**Quote from guyy on 02/09/08 at 23:26:04:**But this is really just a center-of-mass problem in disguise, so it's pretty simple to calculate yourself (which might be better, since this sounds like a homework question

) using COM = [(Planet mass)*(Planet position) + (Moon mass)*(Moon position)] / (Total mass of system).
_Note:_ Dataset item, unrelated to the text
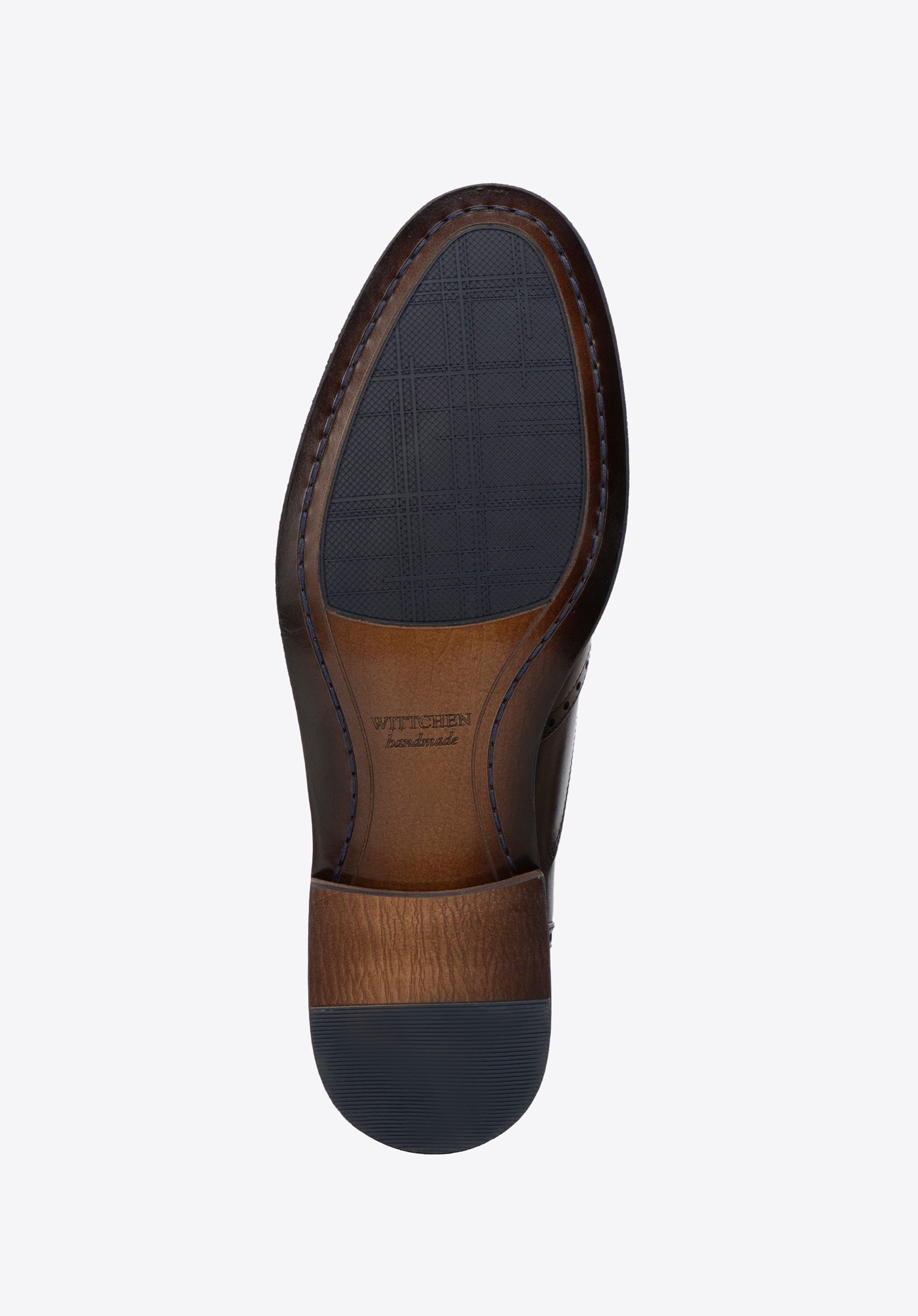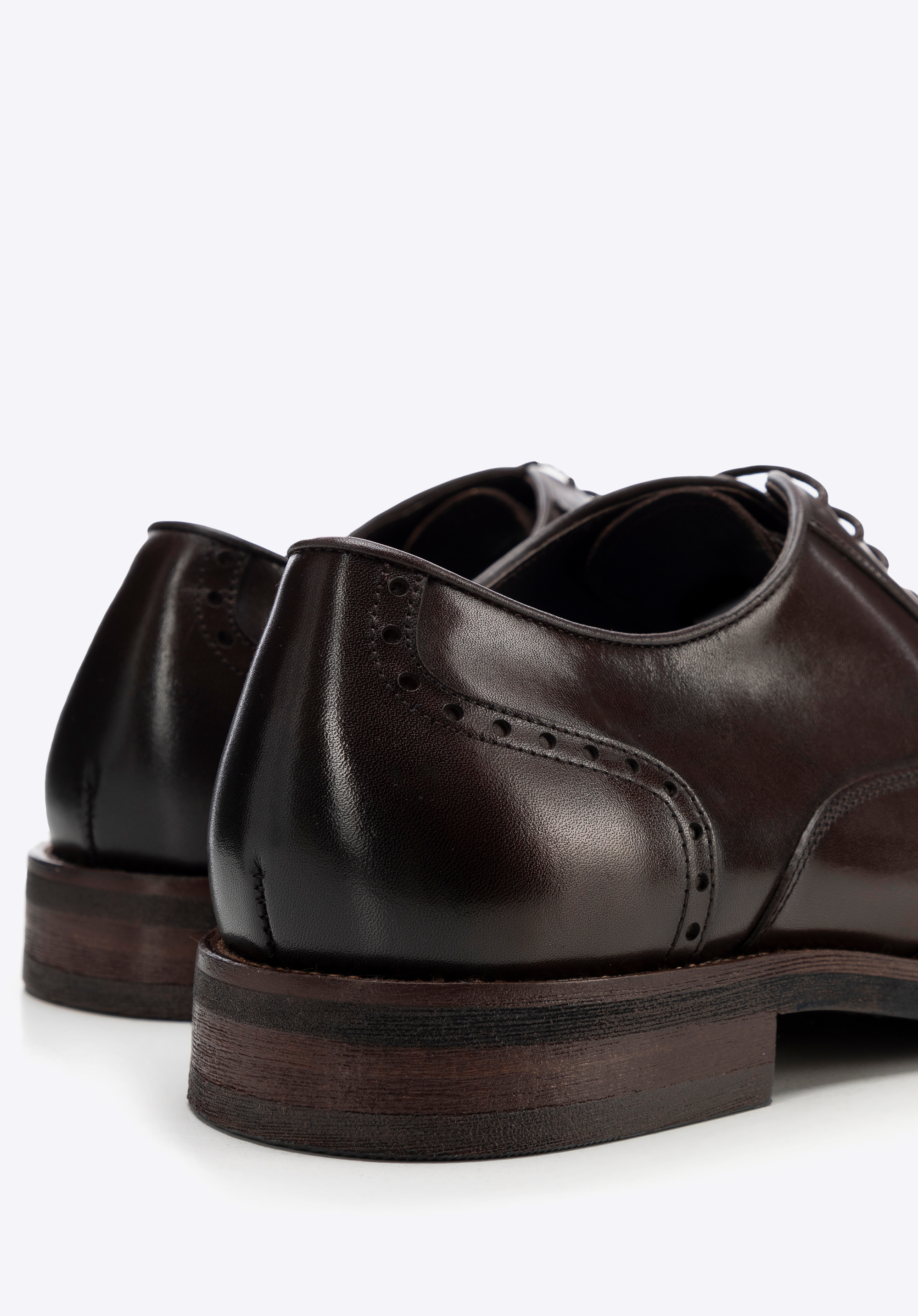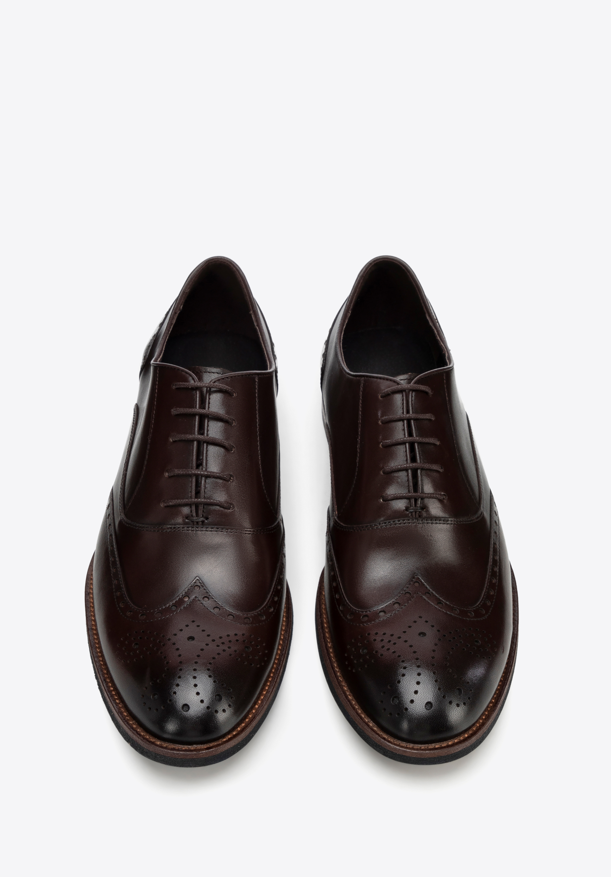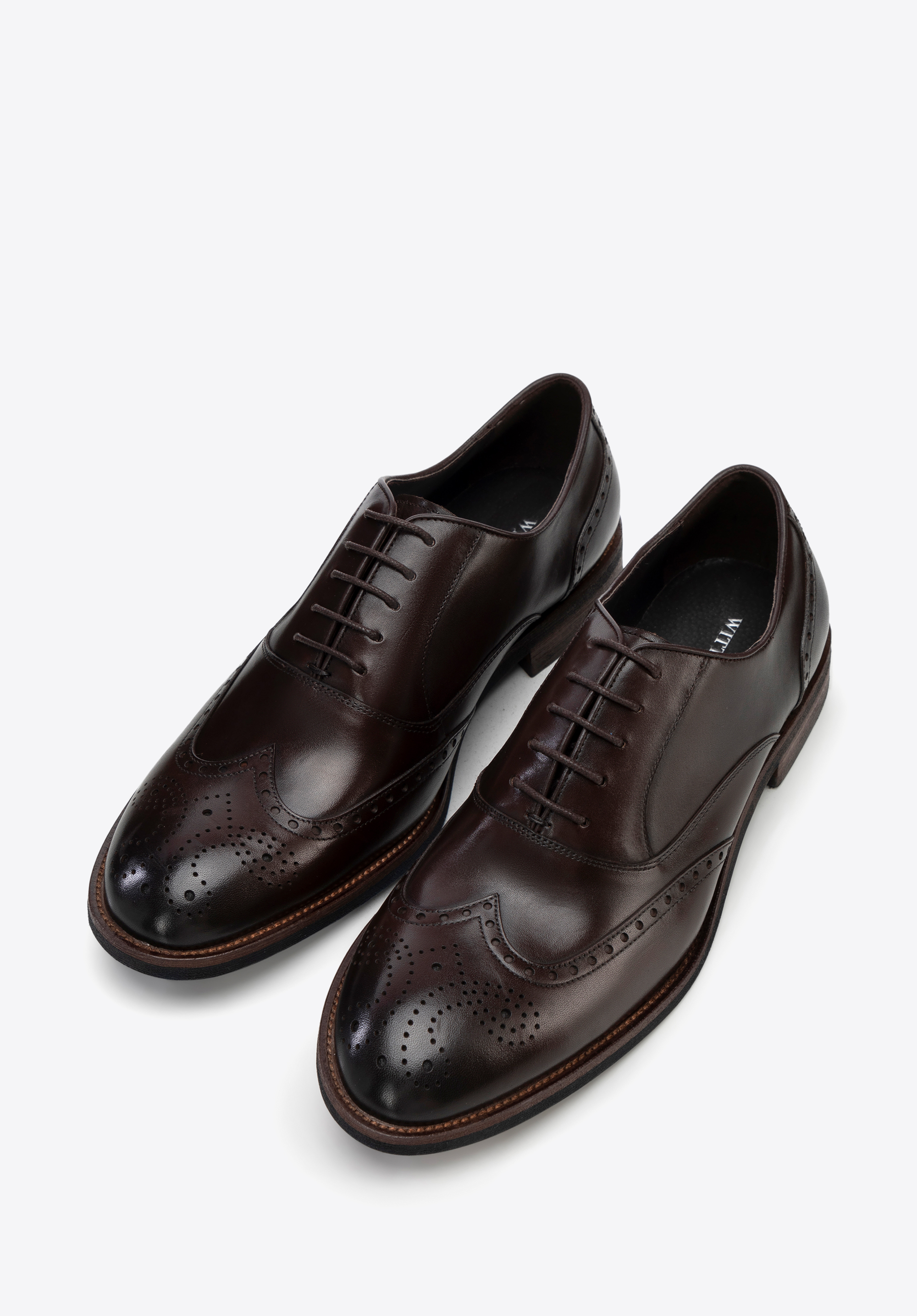 Objavte nadčasový štýl a precíznosť remeselného spracovania v luxusných pánskych topánkach. Tieto pánske topánky vyrobené z najkvalitnejšej hovädzej kože zaujmú svojim sofistikovaným vzhľadom, odolnosťou a zmyslom pre detail. Charakteristické uzavreté šnurovanie zaisťuje dokonalé uchytenie, zatiaľ čo bohatá perforácia po celom povrchu dodáva ľahký pocit a rafinovaný charakter. Krídlová špička v mandľovom tvare dodáva topánkam štíhly, elegantný tvar a zvýrazňuje ich exkluzívny vzhľad.

So in this case, putting the planet at the origin, the center of mass is [(0.61)*(0) + (0.094)*(213,160 km)] / (0.61 + 0.094) kilometers from the planet's center; if that's bigger than 11480, it's above the surface. (You can add the "Earth Mass" part if you want to, but it just cancels out, so the answer is the same.)

So it would simplify to: [ 0 + 20,037.04 ] / [ 0.704 ] = 28,461.705 km (rounded to thousandth)

Assuming that I got that number correct, I would then subtract the radii of the Moon and Planet to get the planet's distance from the center of the system right? (11,480 / 2)+(4840 / 2) = 8160 km so I presume 28,461.705 - 8160 = 20,301.705 km

So the system data would be, assuming all these calculations are correct:

surface-to-surface distance: 205,000 km

center-to-center distance: 213, 160 km

planet surface to barycenter: 20,301.705 km

moon surface to barycenter: 184,698.295 km

Only element I've neglected to add is orbital period, but I do have equations of that which I'll go over (only because I am unsure if I misplace a zero in the moon's mass before), but previously I got 13.204 Days for the orbital period.

Let me know if I got something incorrect in the barycenter/COM equations. I had a feeling, when I realized the planet was only ~6.5 times heavier than its moon (compared to the Earth that's roughly 81 some-times heavier than our moon) that there was a solid chance it'd be a technical double-planet.